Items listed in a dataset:
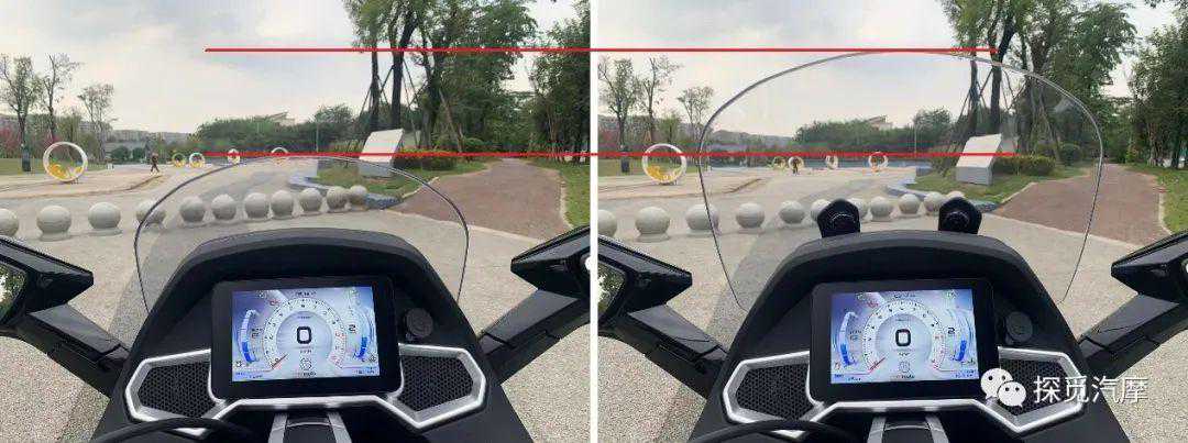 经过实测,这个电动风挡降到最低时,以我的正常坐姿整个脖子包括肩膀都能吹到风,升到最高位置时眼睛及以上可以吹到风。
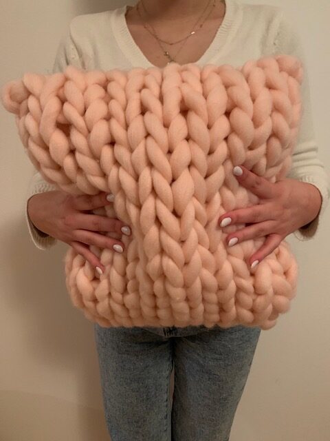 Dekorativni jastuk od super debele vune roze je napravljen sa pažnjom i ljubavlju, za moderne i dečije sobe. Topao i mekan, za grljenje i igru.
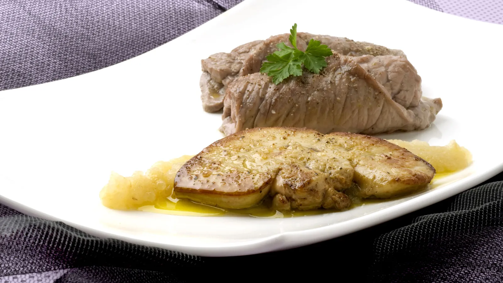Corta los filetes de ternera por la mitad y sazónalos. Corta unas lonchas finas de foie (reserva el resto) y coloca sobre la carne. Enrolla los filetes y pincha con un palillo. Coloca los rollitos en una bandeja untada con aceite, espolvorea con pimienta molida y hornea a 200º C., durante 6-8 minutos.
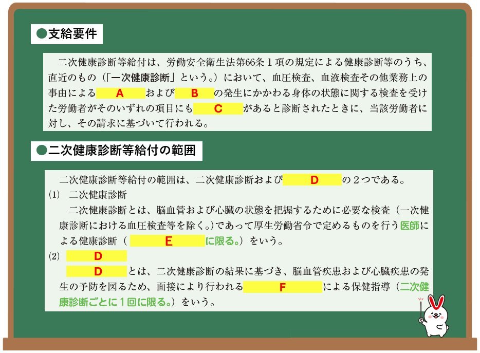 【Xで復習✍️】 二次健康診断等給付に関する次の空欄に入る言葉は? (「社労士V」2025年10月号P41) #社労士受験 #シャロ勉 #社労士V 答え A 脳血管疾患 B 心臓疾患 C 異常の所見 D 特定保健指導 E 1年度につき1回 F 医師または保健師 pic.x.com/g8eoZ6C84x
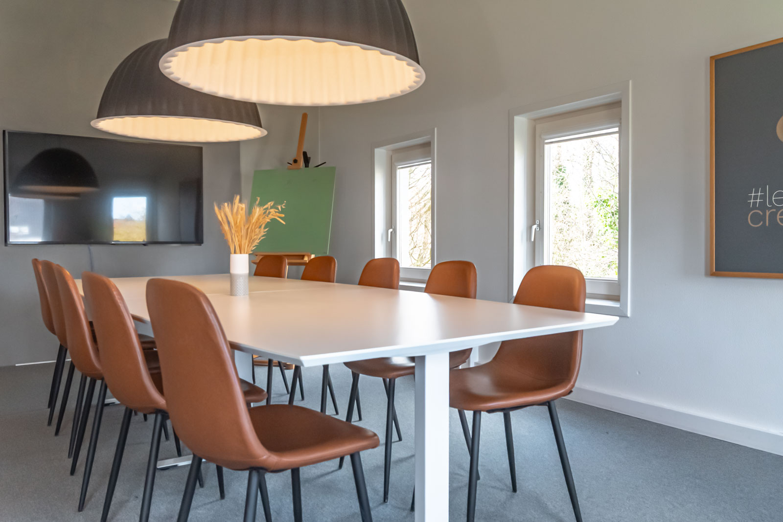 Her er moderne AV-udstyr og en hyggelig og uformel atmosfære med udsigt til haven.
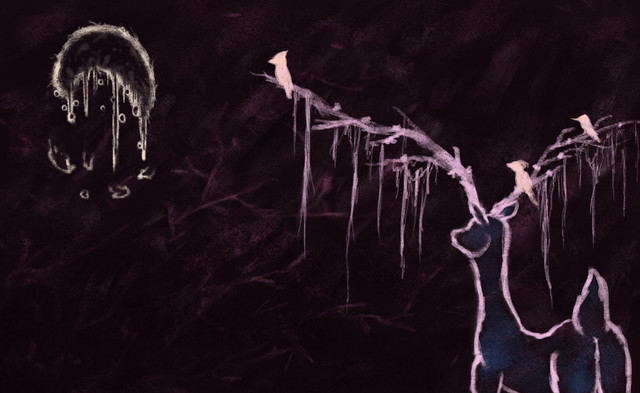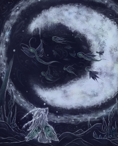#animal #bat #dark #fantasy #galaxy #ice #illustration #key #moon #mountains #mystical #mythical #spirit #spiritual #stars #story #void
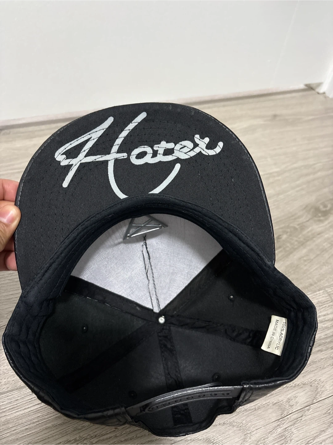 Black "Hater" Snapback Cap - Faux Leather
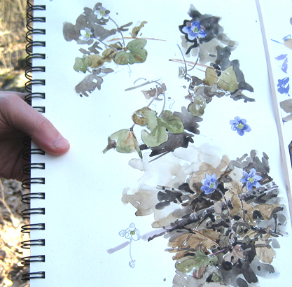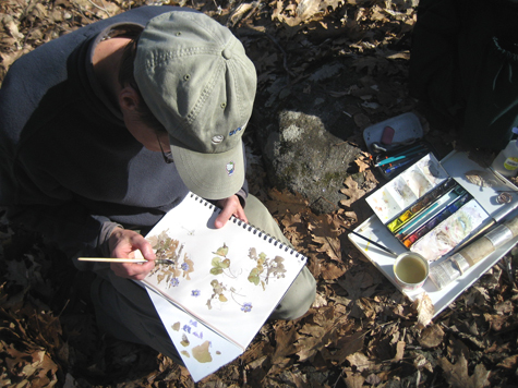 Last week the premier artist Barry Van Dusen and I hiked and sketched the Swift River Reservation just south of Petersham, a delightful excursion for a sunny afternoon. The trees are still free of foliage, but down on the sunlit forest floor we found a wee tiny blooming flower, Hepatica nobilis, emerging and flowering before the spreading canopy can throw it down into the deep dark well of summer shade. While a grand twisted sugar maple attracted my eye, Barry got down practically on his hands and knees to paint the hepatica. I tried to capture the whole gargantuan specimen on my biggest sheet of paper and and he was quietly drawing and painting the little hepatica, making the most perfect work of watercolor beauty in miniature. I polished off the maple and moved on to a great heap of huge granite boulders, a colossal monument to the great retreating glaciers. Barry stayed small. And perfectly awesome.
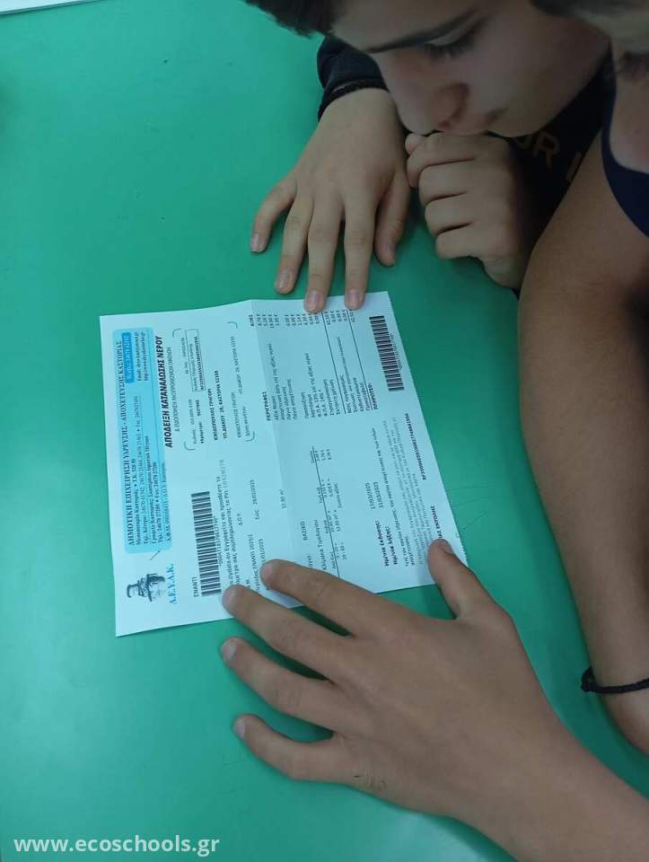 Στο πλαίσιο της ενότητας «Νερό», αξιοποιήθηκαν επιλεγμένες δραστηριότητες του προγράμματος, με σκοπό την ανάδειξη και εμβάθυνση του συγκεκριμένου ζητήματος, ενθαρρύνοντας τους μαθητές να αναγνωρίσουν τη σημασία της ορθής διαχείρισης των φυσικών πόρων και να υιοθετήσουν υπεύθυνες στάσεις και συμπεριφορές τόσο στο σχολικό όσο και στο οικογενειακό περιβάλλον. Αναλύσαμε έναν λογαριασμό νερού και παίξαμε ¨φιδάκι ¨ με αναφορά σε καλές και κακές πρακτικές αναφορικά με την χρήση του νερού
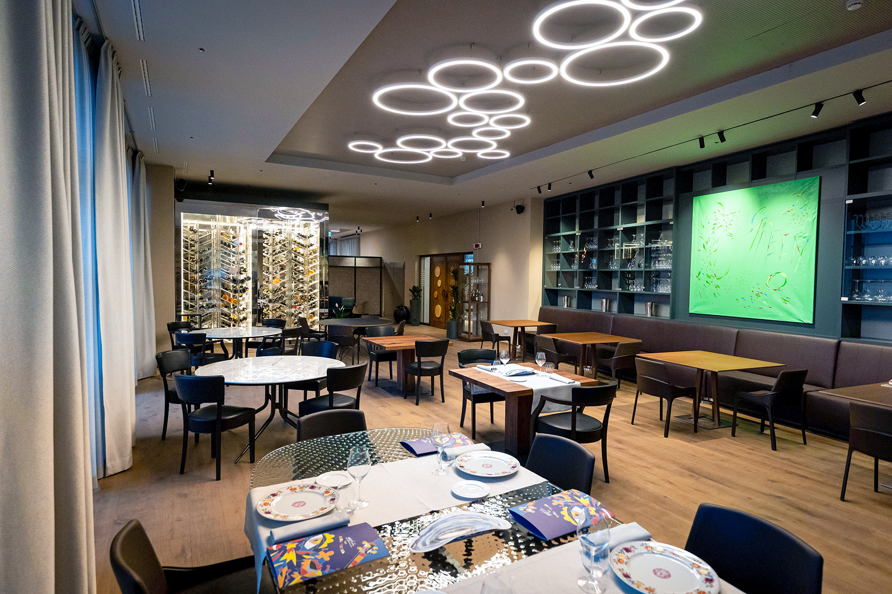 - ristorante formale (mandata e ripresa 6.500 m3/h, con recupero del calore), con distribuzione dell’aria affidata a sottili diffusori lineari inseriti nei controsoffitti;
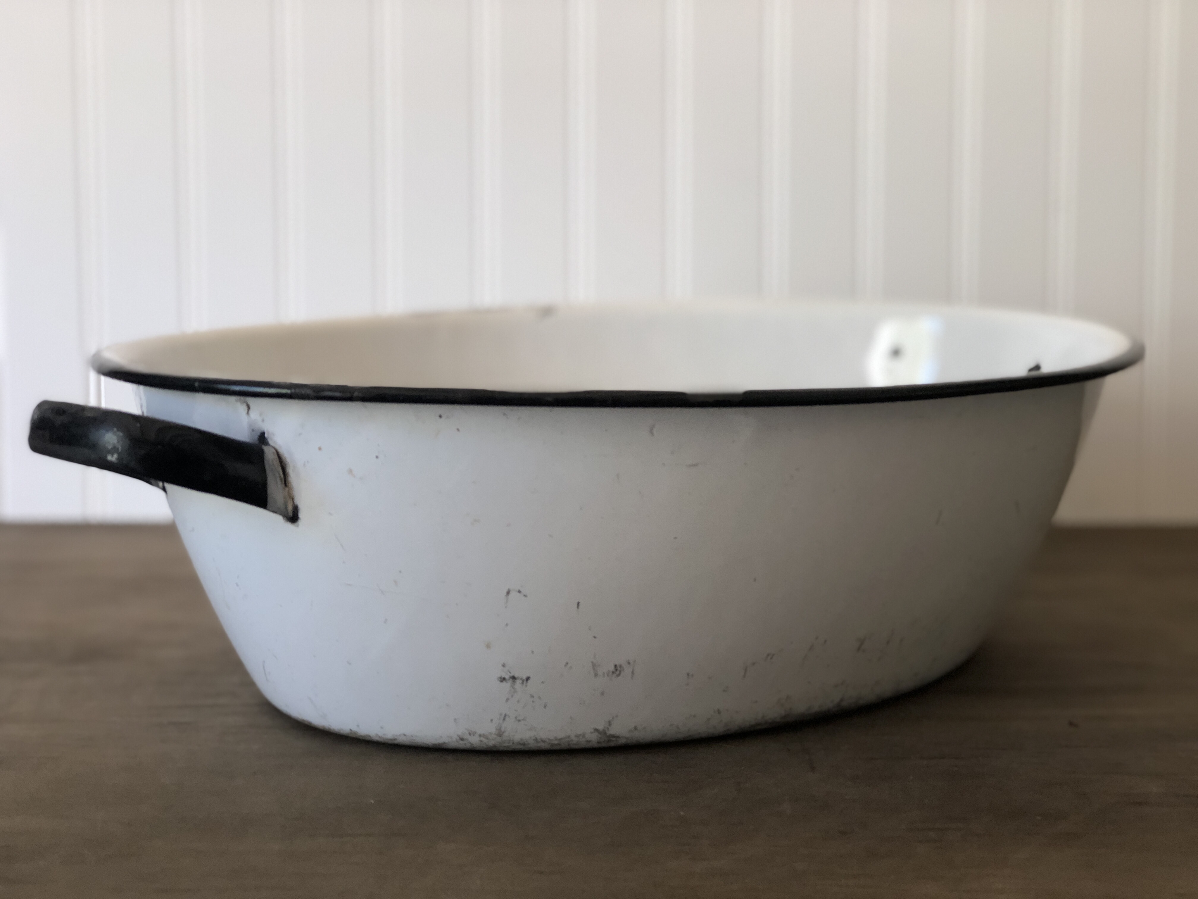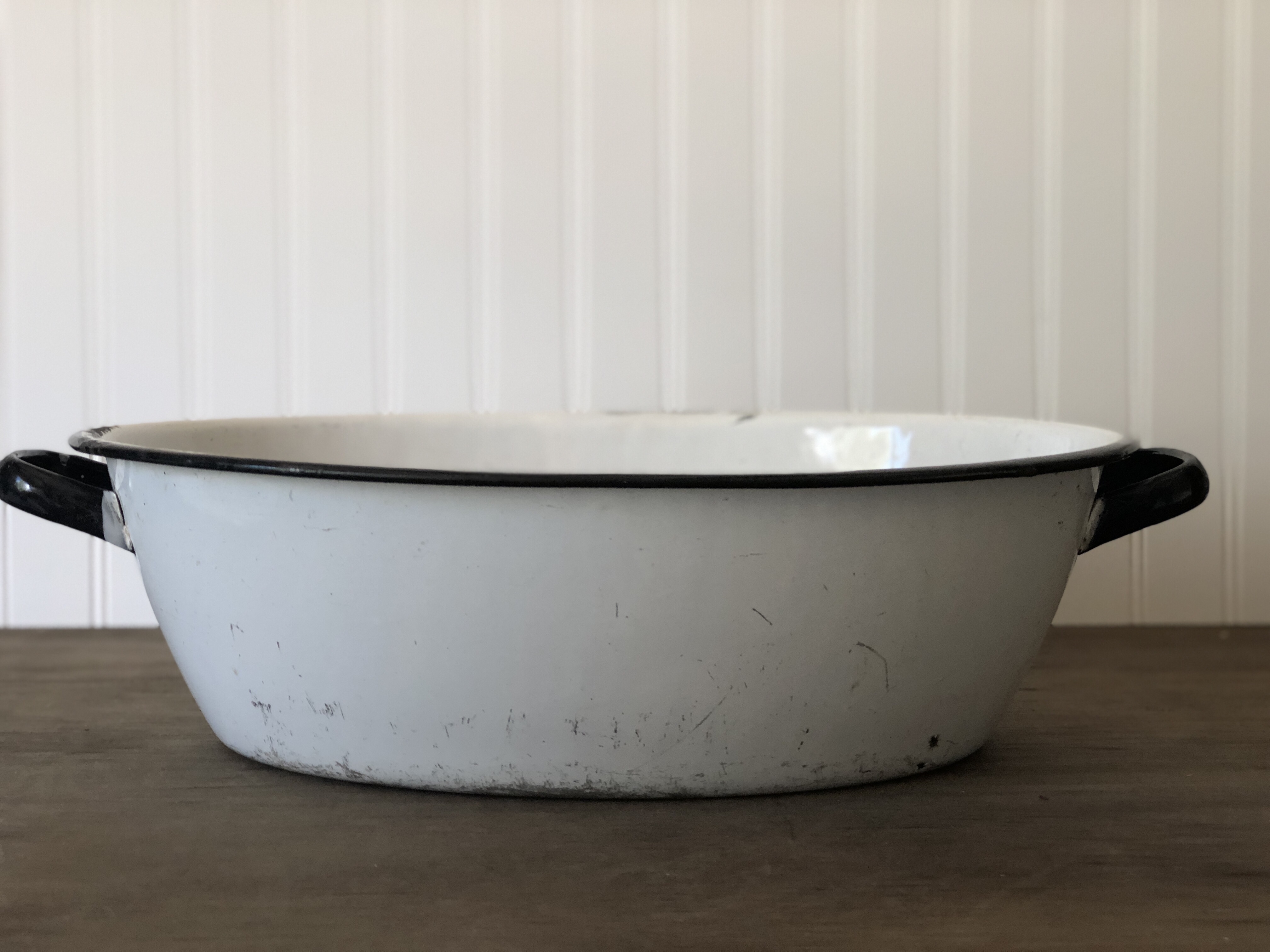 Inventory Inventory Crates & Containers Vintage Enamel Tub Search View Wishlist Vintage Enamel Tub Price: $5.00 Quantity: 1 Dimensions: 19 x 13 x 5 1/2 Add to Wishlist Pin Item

[WHAT THE EXERCISE ASKS]
From the line containing "Last week the" down to the last line of the data above, transcribe exactly those lines and no others; omit the pictures.

[COMPLETED EXERCISE]
 Last week the premier artist Barry Van Dusen and I hiked and sketched the Swift River Reservation just south of Petersham, a delightful excursion for a sunny afternoon. The trees are still free of foliage, but down on the sunlit forest floor we found a wee tiny blooming flower, Hepatica nobilis, emerging and flowering before the spreading canopy can throw it down into the deep dark well of summer shade. While a grand twisted sugar maple attracted my eye, Barry got down practically on his hands and knees to paint the hepatica. I tried to capture the whole gargantuan specimen on my biggest sheet of paper and and he was quietly drawing and painting the little hepatica, making the most perfect work of watercolor beauty in miniature. I polished off the maple and moved on to a great heap of huge granite boulders, a colossal monument to the great retreating glaciers. Barry stayed small. And perfectly awesome.
 Στο πλαίσιο της ενότητας «Νερό», αξιοποιήθηκαν επιλεγμένες δραστηριότητες του προγράμματος, με σκοπό την ανάδειξη και εμβάθυνση του συγκεκριμένου ζητήματος, ενθαρρύνοντας τους μαθητές να αναγνωρίσουν τη σημασία της ορθής διαχείρισης των φυσικών πόρων και να υιοθετήσουν υπεύθυνες στάσεις και συμπεριφορές τόσο στο σχολικό όσο και στο οικογενειακό περιβάλλον. Αναλύσαμε έναν λογαριασμό νερού και παίξαμε ¨φιδάκι ¨ με αναφορά σε καλές και κακές πρακτικές αναφορικά με την χρήση του νερού
 - ristorante formale (mandata e ripresa 6.500 m3/h, con recupero del calore), con distribuzione dell’aria affidata a sottili diffusori lineari inseriti nei controsoffitti;
 Inventory Inventory Crates & Containers Vintage Enamel Tub Search View Wishlist Vintage Enamel Tub Price: $5.00 Quantity: 1 Dimensions: 19 x 13 x 5 1/2 Add to Wishlist Pin Item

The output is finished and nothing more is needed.